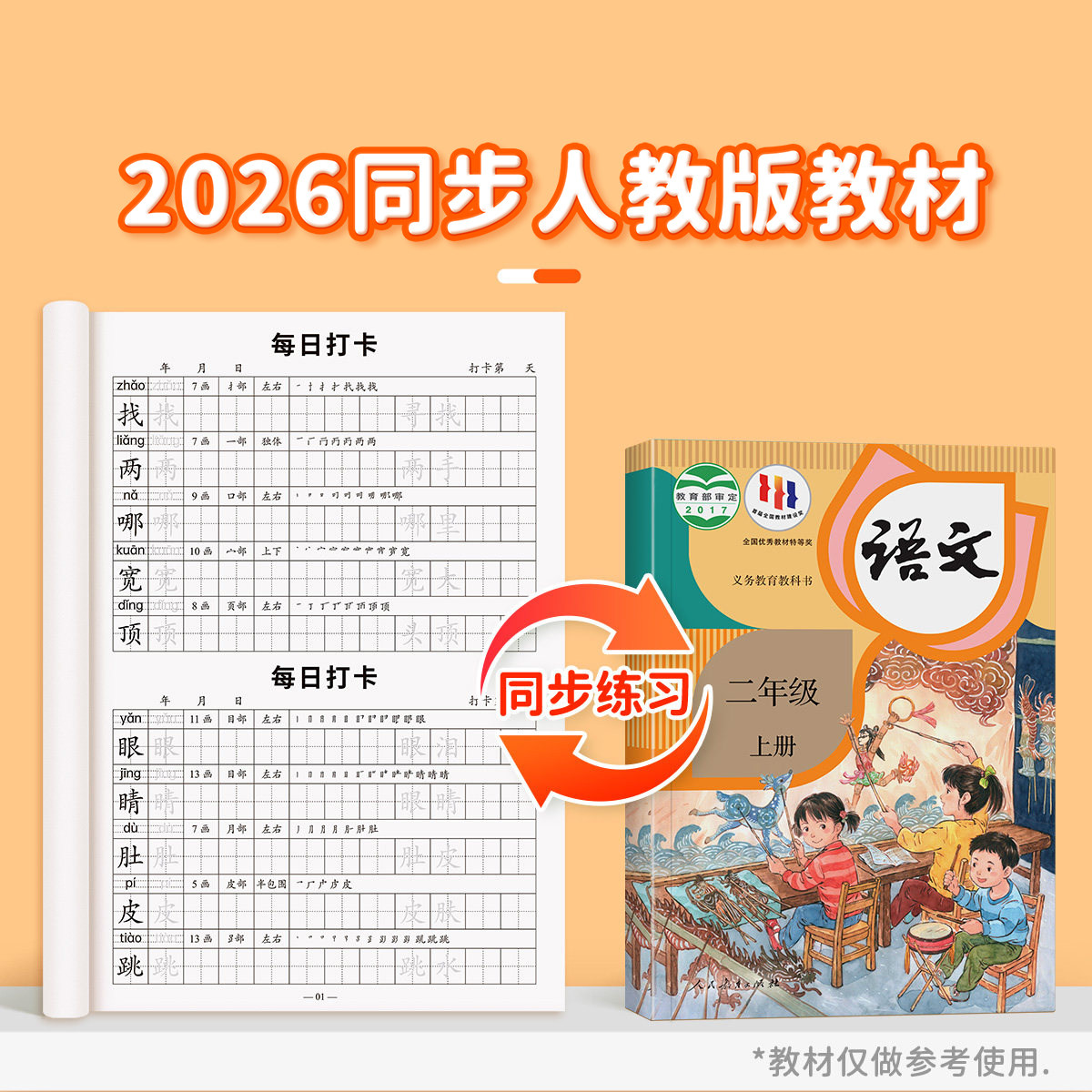 二年级同步字帖每日打卡人教版小学生专用2026新版语文练字帖笔画笔顺描红写字每日一练组词造句识字练习本硬笔书法练字本
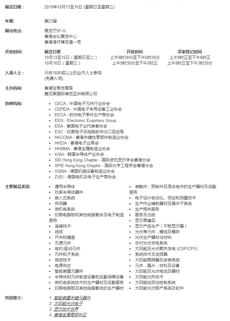 國際電子組件及生產(chǎn)技術(shù)展2019為供應(yīng)商創(chuàng)造一個高效環(huán)境,與來自全球電子行業(yè)買家作更緊密的聯(lián)系。2018年,國際電子組件及生產(chǎn)技術(shù)展與香港貿(mào)發(fā)局香港秋季電子產(chǎn)品占組成了全球最大電子平臺,吸引來自139個國家和地區(qū),近87000名買家進場參觀洽商。
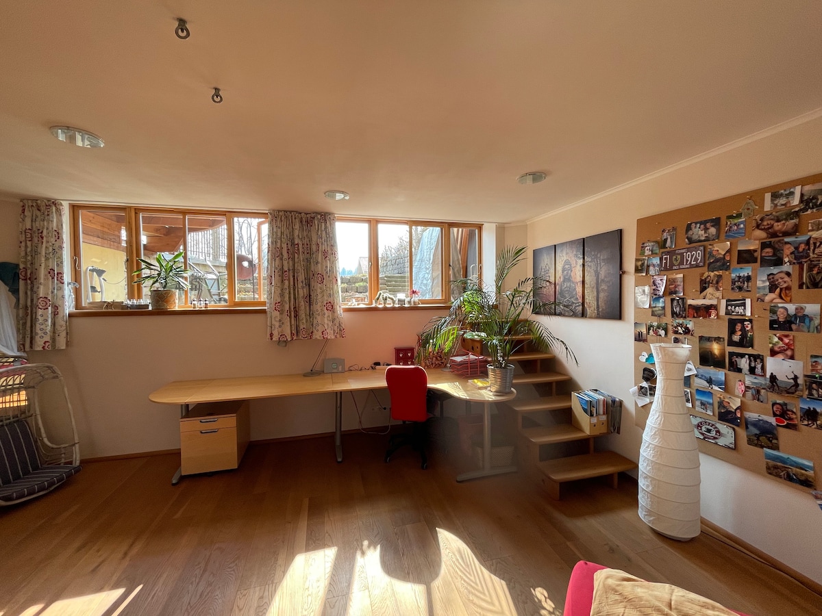 Stan sa dnevnim i spavaćim prostorom (galerija za spavanje - strme stepenice pogledajte fotografiju i kauč u dnevnom boravku) sa kuhinjom, kupatilom/ toaletom na planinskoj farmi staroj 500 godina, mirna lokacija iz snova, visoko iznad Bad Rajhenala. Okrenut prema jugu, terasa, ogromna bašta. Prostorija za jogu, sauna. E-planinski bicikli. Važne informacije za goste iz Kine: imamo mačku u kući i velike aktivnosti kuvanja nijesu dozvoljene.
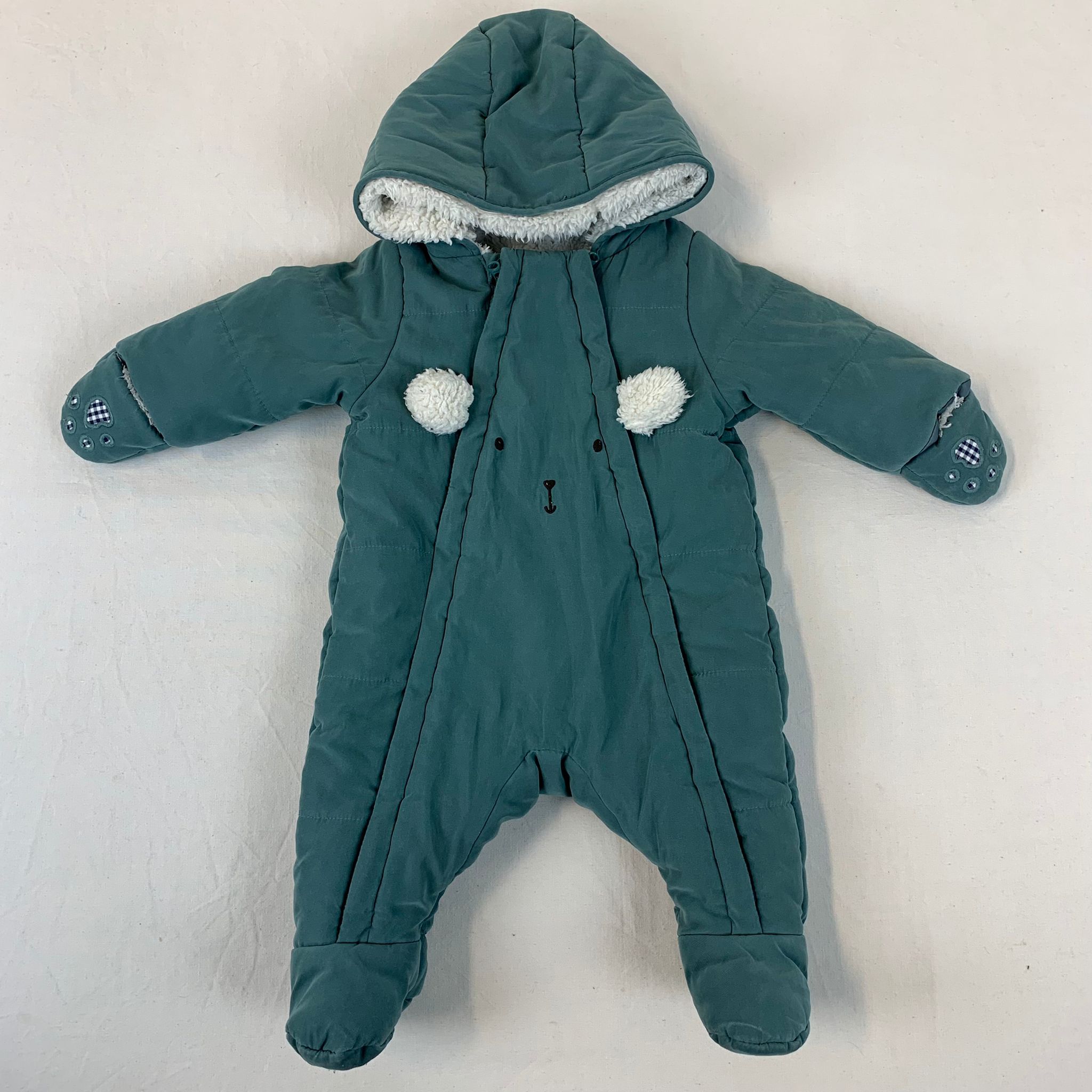 Autres commentaires : Combipilote avec capuche fourrée, doublée en fausse fourrure. Manches doublées en toile polyester – Ouverture centrale par deux fermetures éclair – Zip caché par deux pattes pour garantir l’imperméabilité – Pieds et moufles.Empiècement à carreaux sur les moufles et les pieds en forme de petites pattes d’ourson.
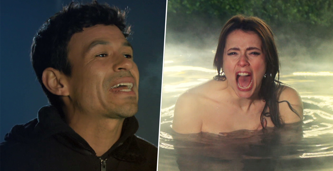 En el primer capítulo de Aguas de Oro, el alcalde Ruiz-Tagle (Álvaro Rudolphy), acompañado por la policía, se acerca a Karla (Carolina Arregui) con el objetivo de desalojar la combi.
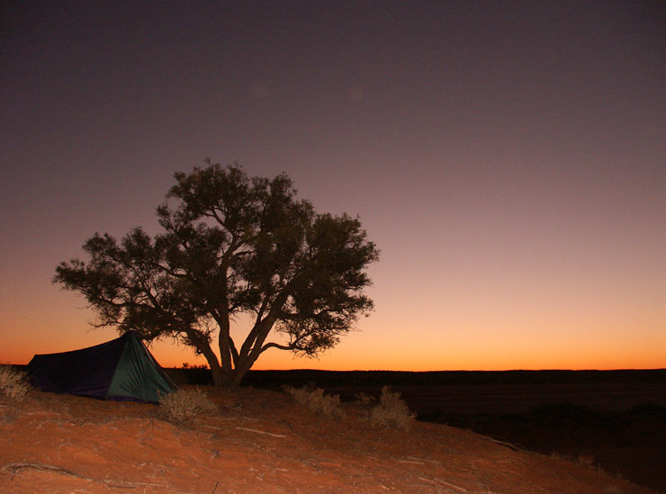 Sunset, camped overlooking a salt lake.
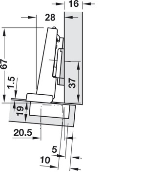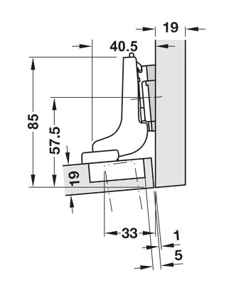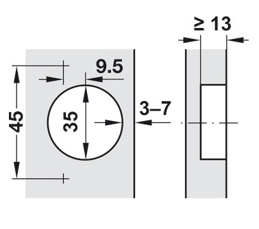 * Thông số kỹ thuật bản lề Blum thẳng giảm chấn gỗ dày 771B9550-9349303 (kèm đế):
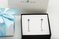 Staviori Kolczyki. Markazyty. 2 Naturalne Perły hodowane słodkowodne. Srebro 0,925. Długość 40 mm. Średnica kulki 5x6 mm.
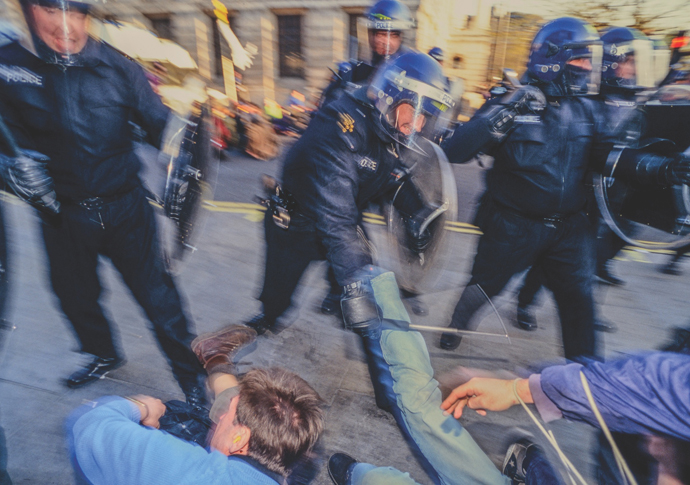 “In the 1980s, there was police brutality and obstruction, attacks on photographers and reporters – but it felt less organised. The police would just shove you about, stand in front of you. Then they started doing more aggressive surveillance and by the end of the last century, it was ramped up and they saw press photographers as the enemy,” he adds.
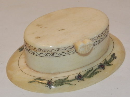 This is absolutely beautiful, a gorgeous, tactile ox bone box, all clasps and hinges perfect, it snaps together well, it is exquisitely decorated - the base measures 2.3/4" inch long on the oval and the top measures 1.3/4" inch, it opens to reveal a lovely clean interior - now whether this was originally a snuff or trinket/ring box I am unsure, but I do know that it is exceptional and will not disappoint - it would certainly prove a wonderful and unusual presentation box for a special ring. A lovely vintage c. 1900 piece that will delight the most discerning of buyers!.DateLate Victorian :
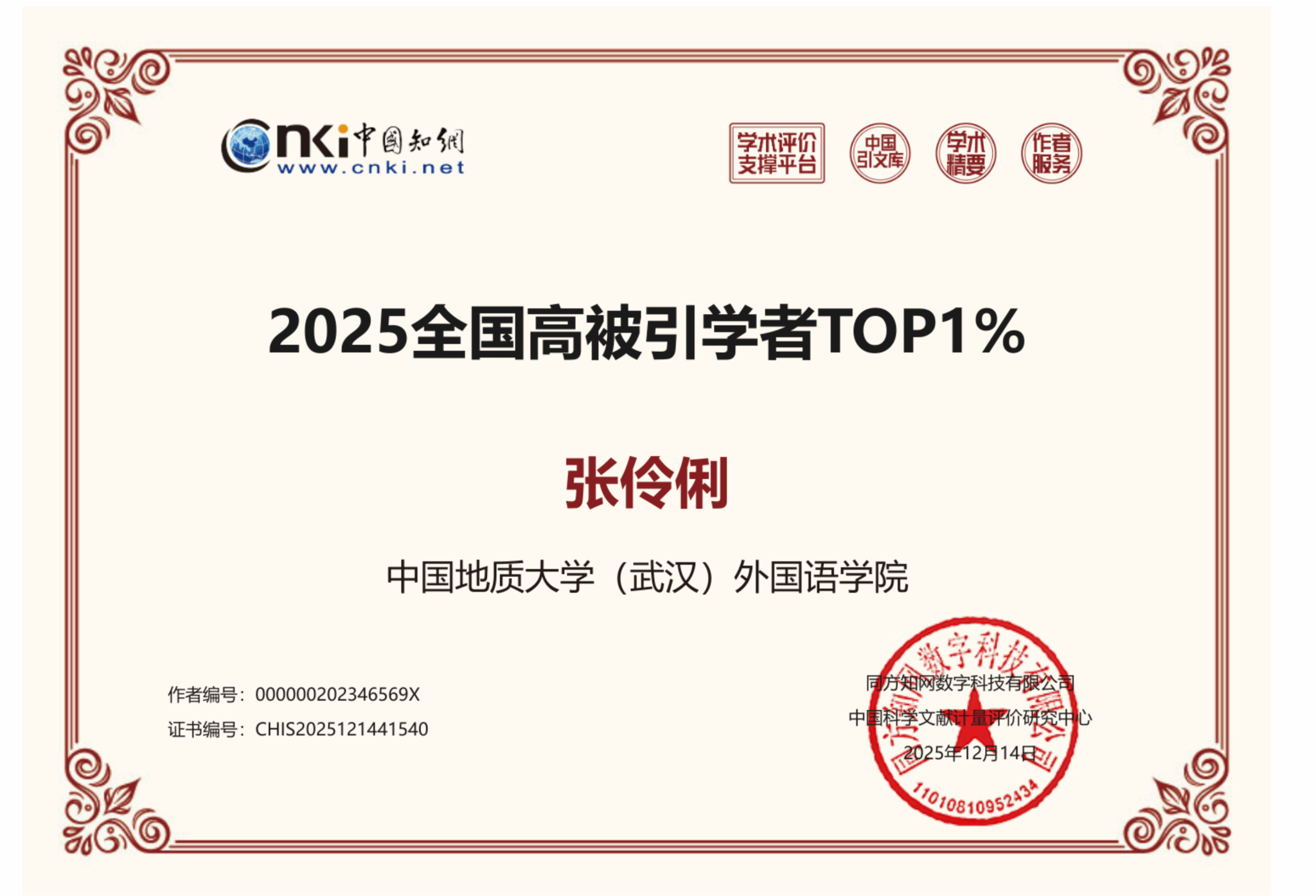 (通讯员 孙德贵)日前,中国知网公布了“2025全国高被引学者TOP1%”名单,bevictor伟德官网张伶俐教授首获殊荣,实现学院该领域零的突破。
:::::
WORK INSTRUCTIONS: Excluding the pictures, transcribe all of the entries exactly.

ANSWER TO THE PROBLEM:
 二年级同步字帖每日打卡人教版小学生专用2026新版语文练字帖笔画笔顺描红写字每日一练组词造句识字练习本硬笔书法练字本
 國際電子組件及生產(chǎn)技術(shù)展2019為供應(yīng)商創(chuàng)造一個高效環(huán)境,與來自全球電子行業(yè)買家作更緊密的聯(lián)系。2018年,國際電子組件及生產(chǎn)技術(shù)展與香港貿(mào)發(fā)局香港秋季電子產(chǎn)品占組成了全球最大電子平臺,吸引來自139個國家和地區(qū),近87000名買家進場參觀洽商。
 Stan sa dnevnim i spavaćim prostorom (galerija za spavanje - strme stepenice pogledajte fotografiju i kauč u dnevnom boravku) sa kuhinjom, kupatilom/ toaletom na planinskoj farmi staroj 500 godina, mirna lokacija iz snova, visoko iznad Bad Rajhenala. Okrenut prema jugu, terasa, ogromna bašta. Prostorija za jogu, sauna. E-planinski bicikli. Važne informacije za goste iz Kine: imamo mačku u kući i velike aktivnosti kuvanja nijesu dozvoljene.
 Autres commentaires : Combipilote avec capuche fourrée, doublée en fausse fourrure. Manches doublées en toile polyester – Ouverture centrale par deux fermetures éclair – Zip caché par deux pattes pour garantir l’imperméabilité – Pieds et moufles.Empiècement à carreaux sur les moufles et les pieds en forme de petites pattes d’ourson.
 En el primer capítulo de Aguas de Oro, el alcalde Ruiz-Tagle (Álvaro Rudolphy), acompañado por la policía, se acerca a Karla (Carolina Arregui) con el objetivo de desalojar la combi.
 Sunset, camped overlooking a salt lake.
 * Thông số kỹ thuật bản lề Blum thẳng giảm chấn gỗ dày 771B9550-9349303 (kèm đế):
 Staviori Kolczyki. Markazyty. 2 Naturalne Perły hodowane słodkowodne. Srebro 0,925. Długość 40 mm. Średnica kulki 5x6 mm.
 “In the 1980s, there was police brutality and obstruction, attacks on photographers and reporters – but it felt less organised. The police would just shove you about, stand in front of you. Then they started doing more aggressive surveillance and by the end of the last century, it was ramped up and they saw press photographers as the enemy,” he adds.
 This is absolutely beautiful, a gorgeous, tactile ox bone box, all clasps and hinges perfect, it snaps together well, it is exquisitely decorated - the base measures 2.3/4" inch long on the oval and the top measures 1.3/4" inch, it opens to reveal a lovely clean interior - now whether this was originally a snuff or trinket/ring box I am unsure, but I do know that it is exceptional and will not disappoint - it would certainly prove a wonderful and unusual presentation box for a special ring. A lovely vintage c. 1900 piece that will delight the most discerning of buyers!.DateLate Victorian :
 (通讯员 孙德贵)日前,中国知网公布了“2025全国高被引学者TOP1%”名单,bevictor伟德官网张伶俐教授首获殊荣,实现学院该领域零的突破。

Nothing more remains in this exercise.